Aim of the task :: Lines from the line with "In the stereo" to the line with "今天下午到夜间,保定、石家庄" in the entries below, and only those, must be output exactly, with both ends included.

Extracted entries ::

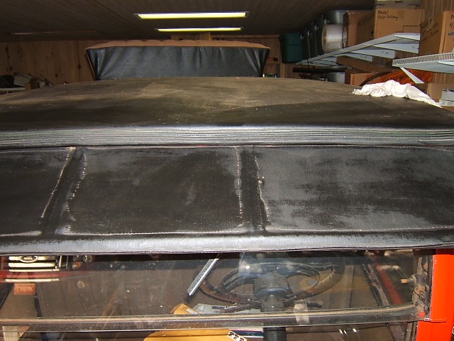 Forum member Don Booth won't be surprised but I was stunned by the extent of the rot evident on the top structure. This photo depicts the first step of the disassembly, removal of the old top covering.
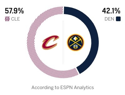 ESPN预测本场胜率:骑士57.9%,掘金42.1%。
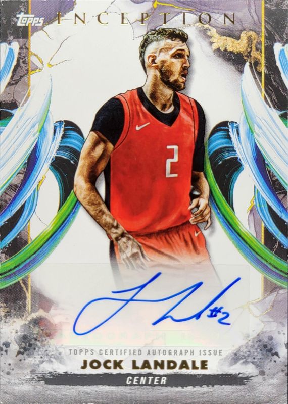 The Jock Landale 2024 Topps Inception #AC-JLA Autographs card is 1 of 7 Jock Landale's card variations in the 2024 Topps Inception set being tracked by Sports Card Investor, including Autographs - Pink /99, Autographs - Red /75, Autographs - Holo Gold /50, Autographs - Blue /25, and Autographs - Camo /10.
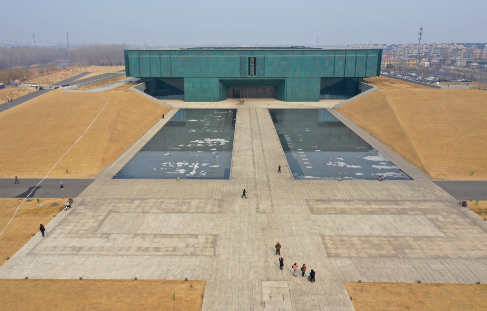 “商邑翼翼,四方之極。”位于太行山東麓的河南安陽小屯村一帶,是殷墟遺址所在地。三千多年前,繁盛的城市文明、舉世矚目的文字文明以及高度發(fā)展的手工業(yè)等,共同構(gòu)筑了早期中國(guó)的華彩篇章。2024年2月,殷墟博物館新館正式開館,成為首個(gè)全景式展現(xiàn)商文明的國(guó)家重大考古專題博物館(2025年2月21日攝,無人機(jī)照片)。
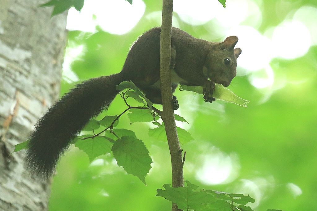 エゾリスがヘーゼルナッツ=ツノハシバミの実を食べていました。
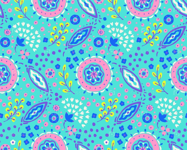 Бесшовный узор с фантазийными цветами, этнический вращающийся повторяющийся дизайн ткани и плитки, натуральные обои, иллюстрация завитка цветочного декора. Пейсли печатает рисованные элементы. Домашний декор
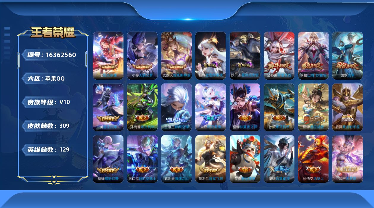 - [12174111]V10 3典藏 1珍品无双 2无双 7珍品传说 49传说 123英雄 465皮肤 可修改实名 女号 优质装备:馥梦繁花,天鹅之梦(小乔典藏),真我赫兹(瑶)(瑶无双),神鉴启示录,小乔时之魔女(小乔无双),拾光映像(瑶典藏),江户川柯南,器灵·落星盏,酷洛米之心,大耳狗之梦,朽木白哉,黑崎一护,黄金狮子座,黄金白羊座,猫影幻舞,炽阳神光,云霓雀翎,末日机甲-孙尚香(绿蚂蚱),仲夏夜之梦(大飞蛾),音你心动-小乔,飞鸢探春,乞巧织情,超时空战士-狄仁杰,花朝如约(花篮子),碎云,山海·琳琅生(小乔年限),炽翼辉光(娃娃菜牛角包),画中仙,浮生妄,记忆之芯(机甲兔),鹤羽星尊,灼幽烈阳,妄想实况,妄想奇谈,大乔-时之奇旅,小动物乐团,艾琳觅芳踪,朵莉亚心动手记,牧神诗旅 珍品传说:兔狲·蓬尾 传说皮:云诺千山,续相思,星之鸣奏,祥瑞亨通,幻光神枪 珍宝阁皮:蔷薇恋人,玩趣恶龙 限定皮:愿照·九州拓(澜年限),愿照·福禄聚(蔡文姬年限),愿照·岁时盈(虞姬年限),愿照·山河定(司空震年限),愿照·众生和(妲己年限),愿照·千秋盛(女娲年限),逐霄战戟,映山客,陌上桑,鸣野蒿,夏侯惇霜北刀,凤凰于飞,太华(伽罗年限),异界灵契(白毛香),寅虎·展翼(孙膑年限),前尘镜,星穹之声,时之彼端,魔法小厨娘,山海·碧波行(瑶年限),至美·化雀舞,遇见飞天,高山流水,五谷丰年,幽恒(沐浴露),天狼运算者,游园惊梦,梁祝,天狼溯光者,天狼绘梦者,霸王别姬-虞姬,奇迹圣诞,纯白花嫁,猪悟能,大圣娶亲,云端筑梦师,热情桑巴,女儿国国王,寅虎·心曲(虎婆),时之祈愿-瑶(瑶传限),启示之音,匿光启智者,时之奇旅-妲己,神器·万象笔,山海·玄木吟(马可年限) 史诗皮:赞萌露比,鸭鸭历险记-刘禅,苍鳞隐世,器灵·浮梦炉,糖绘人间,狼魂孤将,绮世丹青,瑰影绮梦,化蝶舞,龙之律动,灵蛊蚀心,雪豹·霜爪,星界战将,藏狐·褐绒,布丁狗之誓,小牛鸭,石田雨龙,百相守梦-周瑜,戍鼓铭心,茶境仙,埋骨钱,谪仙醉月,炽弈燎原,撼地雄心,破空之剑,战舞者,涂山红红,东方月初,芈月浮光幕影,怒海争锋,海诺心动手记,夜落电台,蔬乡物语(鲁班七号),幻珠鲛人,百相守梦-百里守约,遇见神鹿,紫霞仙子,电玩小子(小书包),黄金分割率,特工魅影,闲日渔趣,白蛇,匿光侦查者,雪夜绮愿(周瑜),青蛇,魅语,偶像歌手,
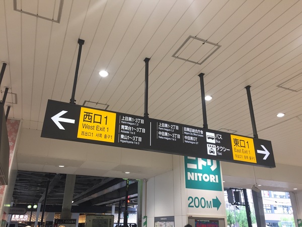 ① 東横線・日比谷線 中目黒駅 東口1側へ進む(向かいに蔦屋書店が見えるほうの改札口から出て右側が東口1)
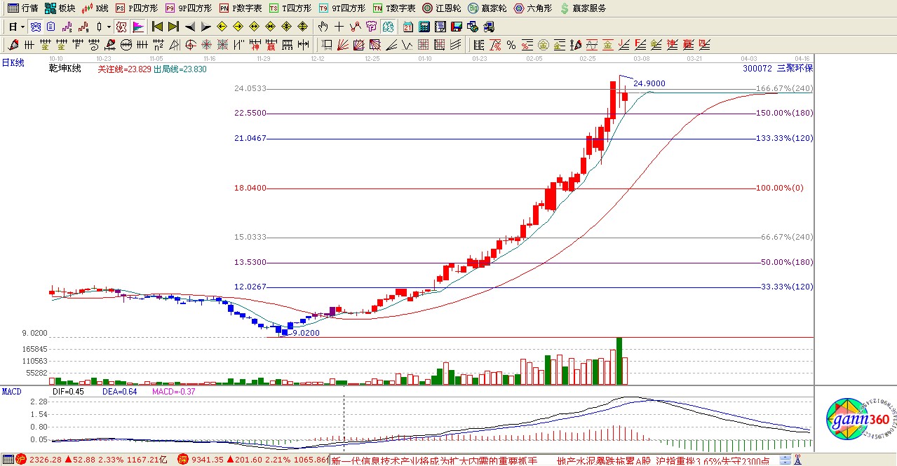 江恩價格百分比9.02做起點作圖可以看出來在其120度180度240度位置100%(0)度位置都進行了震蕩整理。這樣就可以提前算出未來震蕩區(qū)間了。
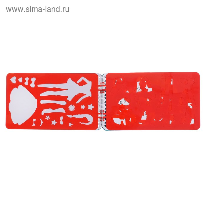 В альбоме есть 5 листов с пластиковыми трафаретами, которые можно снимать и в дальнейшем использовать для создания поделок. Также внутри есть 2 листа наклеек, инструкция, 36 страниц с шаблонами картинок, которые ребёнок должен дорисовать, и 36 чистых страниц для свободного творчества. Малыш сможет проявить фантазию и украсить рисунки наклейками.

...

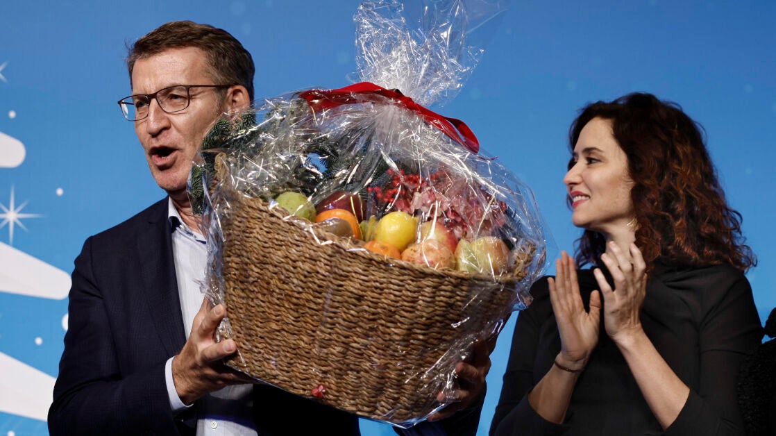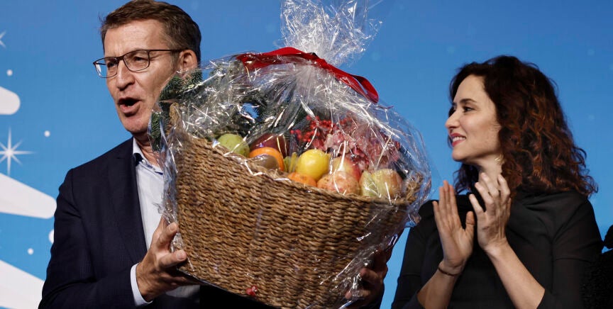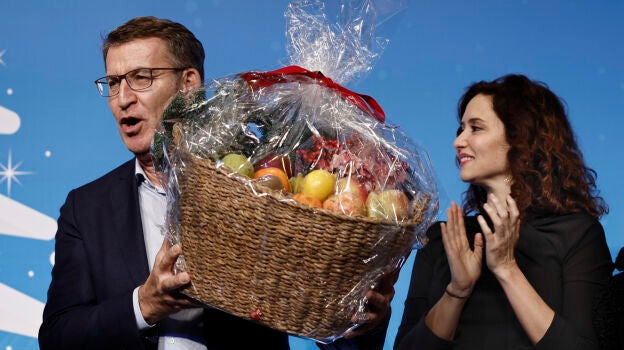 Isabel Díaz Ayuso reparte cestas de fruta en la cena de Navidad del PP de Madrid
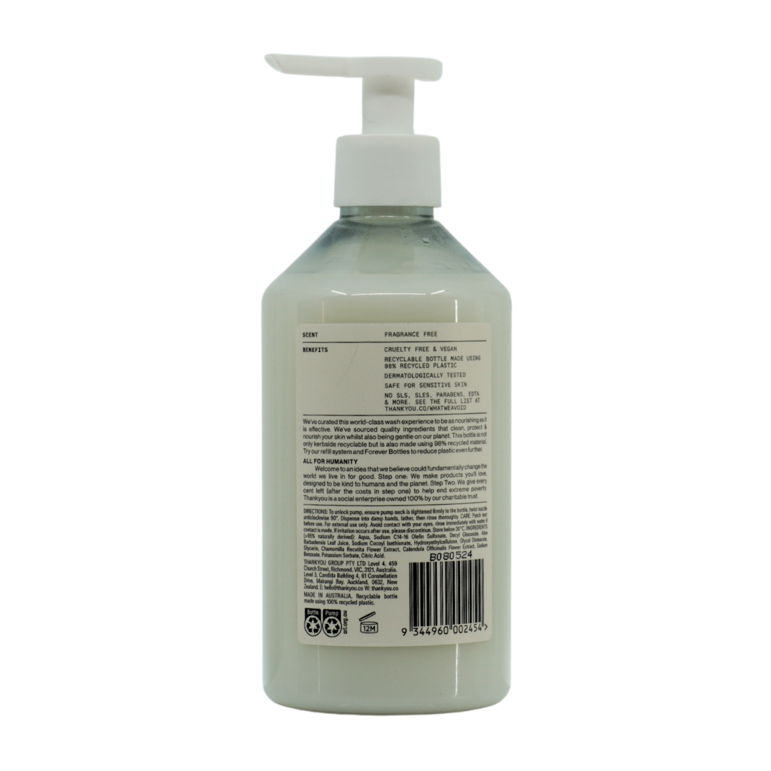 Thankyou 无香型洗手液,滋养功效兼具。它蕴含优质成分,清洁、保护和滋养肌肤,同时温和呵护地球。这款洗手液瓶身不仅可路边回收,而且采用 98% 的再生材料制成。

==

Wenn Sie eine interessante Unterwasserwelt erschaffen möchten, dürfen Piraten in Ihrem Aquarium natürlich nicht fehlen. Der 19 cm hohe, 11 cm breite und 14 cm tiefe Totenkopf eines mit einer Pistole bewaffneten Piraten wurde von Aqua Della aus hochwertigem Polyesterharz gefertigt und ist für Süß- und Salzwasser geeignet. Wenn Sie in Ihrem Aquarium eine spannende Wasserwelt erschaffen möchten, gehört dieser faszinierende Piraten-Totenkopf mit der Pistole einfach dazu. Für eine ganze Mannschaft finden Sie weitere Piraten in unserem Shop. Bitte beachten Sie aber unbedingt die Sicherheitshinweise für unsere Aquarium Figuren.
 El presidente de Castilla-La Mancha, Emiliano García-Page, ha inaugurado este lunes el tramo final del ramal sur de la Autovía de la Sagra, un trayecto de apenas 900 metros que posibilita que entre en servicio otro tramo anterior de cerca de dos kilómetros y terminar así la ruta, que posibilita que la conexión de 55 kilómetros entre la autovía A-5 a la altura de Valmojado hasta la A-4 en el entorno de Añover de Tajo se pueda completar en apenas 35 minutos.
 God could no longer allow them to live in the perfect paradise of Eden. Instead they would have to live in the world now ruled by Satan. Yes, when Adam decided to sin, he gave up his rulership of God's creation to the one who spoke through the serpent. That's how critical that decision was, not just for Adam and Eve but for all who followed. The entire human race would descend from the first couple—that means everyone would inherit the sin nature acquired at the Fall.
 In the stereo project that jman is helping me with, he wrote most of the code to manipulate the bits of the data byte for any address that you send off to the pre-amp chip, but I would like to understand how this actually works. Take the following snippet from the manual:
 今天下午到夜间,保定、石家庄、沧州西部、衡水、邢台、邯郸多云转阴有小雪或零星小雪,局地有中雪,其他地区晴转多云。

Exercise solution ::
 In the stereo project that jman is helping me with, he wrote most of the code to manipulate the bits of the data byte for any address that you send off to the pre-amp chip, but I would like to understand how this actually works. Take the following snippet from the manual:
 今天下午到夜间,保定、石家庄、沧州西部、衡水、邢台、邯郸多云转阴有小雪或零星小雪,局地有中雪,其他地区晴转多云。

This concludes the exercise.